Evolutionary change in 5′ UTR length was linked to variation in +1 nucleosome occupancy. (A) A typical nucleosome occupancy pattern in the promoter region of a gene in yeast. TSS is tightly located ∼10–15 bp upstream of the +1 nucleosome. (BC) Scatter plot of average 5′ UTR lengths and average +1 nucleosome occupancies of GO groups in Saccharomyces cerevisiae (B) and in Candida albicans (C). The 5′ UTR length and the +1 nucleosome occupancy are negatively correlated in both species. (D) Increases in the 5′ UTR length and decreases in the +1 nucleosome occupancy are correlated during the evolution of S. cerevisiae.
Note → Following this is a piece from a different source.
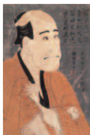
東洲斎写楽 「二代目嵐龍蔵の 金貨石部金吉」

春信、美人画を描いた鳥居清長、喜多川歌麿、役者絵で有名な東洲斎写楽、風景画を確立した葛飾北斎。さらに歌川派の総帥である歌川豊国、その門人で役者絵や美人画に長けた

The unit of nucleosome occupancy in x axis is defined as the log ratio of the number of sequencing reads at a base pair and the median number of reads per base pair across entire genome.

In S. cerevisiae, we obtained 1,175 GO groups with coherent 5′ UTR lengths (CV < 1). By plotting the average 5′ UTR lengths of these GO groups against their +1 nucleosome occupancies, we observed a negative correlation between 5′ UTR length and +1 nucleosome occupancy (R = −0.38, P value 8.5×1037). We also observed a similar pattern (R = −0.51, P value = 9.3×1051) in C. albicans based on 758 GO groups with coherent 5′ UTR lengths (fig. 3). Therefore, a well-positioned +1 nucleosome is usually found in genes with a short 5′ UTR but tends to be absent in genes with a long 5′ UTRs, and this pattern is evolutionarily conserved. If the strongly positioned +1 nucleosome tends to be associated with a short 5′ UTR, we ask if reduced +1 nucleosome occupancy tends to be coupled with lengthening of 5′ UTR in evolution. By plotting evolutionary changes in average 5′ UTR length against the changes in +1 nucleosome occupancies for 422 GO groups shared by the two species, we found that the decrease in the +1 nucleosome occupancy is strongly correlated with lengthening of 5′ UTR (R = −0.55, P value = 4.3×10−35, fig. 3D). Therefore, change in 5′ UTR length during evolution is negatively correlated with change in the strength of +1 nucleosome positioning.

Discussion

In the present study, we showed that ECC and 5′ UTR length are strongly negatively correlated in both S. cerevisiae and C. albicans (fig. 1). In contrast, ECC is not correlated with 3′ UTR length or ORF length (supplementary fig. S3, Supplementary Material online). Moreover, 5′ UTR lengths tend to be better conserved than 3′ UTR lengths in evolution. These results suggest an important role of 5′ UTR length in gene expression regulation, especially at the transcriptional level. We also found an association between evolutionary change in 5′ UTR length and reprogramming of gene expression in the S. cerevisiae lineage. We showed here that genes with more extreme expression reprogramming in S. cerevisiae are mainly involved in mitochondrial respiration functions, which was consistent with previous studies and was believed as a major factor for the evolution of aerobic fermentation (Ihmels et al. 2005; Field et al. 2009). Those genes are also associated with large increase in 5′ UTR length in S. cerevisiae. Therefore, 5′ UTR length changes might have contributed to gene expression divergence and phenotypic evolution in yeasts. To our knowledge, this is the first genome-wide study that unveils the connection between 5′ UTR length and gene transcriptional regulation. Gene expression regulation has been regarded as a highly complex process, and our results suggest that 5′ UTR length plays a significant role in this process.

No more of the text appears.